I tensed, thinking he was going to try to start something, maybe kiss me.
But he didn’t, he pressed his jaw to the side of my head and his h*ps started swaying, his hands at the small of my back moving me with him.
Holy crap, he was dancing with me in my living room.
I didn’t even wait a second before I closed my eyes and moved, telling myself, just this moment, just this time, just this five minutes with Tor and The Dave Matthews Band and a freaking fantastic song.
Just these five minutes.
And we swayed. Even when the tempo of the song increased, Tor kept our movements slow, fluid and in my little, colorful living room, the rain beating outside, the day gray, the streets grimy, with the help of The Dave Matthews Band, Tor created magic. I felt it with every strum of the guitars, every longing word, every sway of our hips, the hardness of Tor’s body pressed to mine, the warmth of his hand at the small of my back, his strong fingers holding mine tight.

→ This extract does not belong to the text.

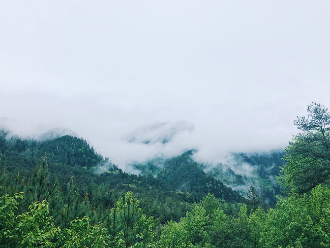 遇上阴天的天路十八弯,放眼远眺,云雾缭绕,苍翠的云杉下就是天路十八弯,别有一番意境。

It was the most astonishingly beautiful moment in my life, unbearably sexy, and even though I’d spent nearly two months in a glittering fairytale world, in that moment’s enchanting simplicity, it was by far and away the most magical.
And when the song faded away, I didn’t want it to end. I wanted to snatch the notes back. I didn’t want five minutes, I wanted ten, I wanted an hour.
I wanted a lifetime.
Tor’s h*ps stopped moving and his hand pressed mine flat to his chest before it came to my chin, lifted my face up to his and I could see, clear in his eyes, he’d felt everything I’d felt and that exquisite pain I felt last night again slashed through me.
Then he declared quietly, “The man who wrote the words in that song has given half his soul to his woman. There is destiny you cannot control but this man, he found the woman who completed him and he gave his soul at his liberty.”
And he said this like he knew it from experience.
And he said it looking at me.
Then he bent his head and touched his lips tenderly to each of my eyes in turn, both of them closing and staying closed even after he let me go and I heard his boots beat on my floors and then I heard the electric razor coming through the bedroom from the bathroom.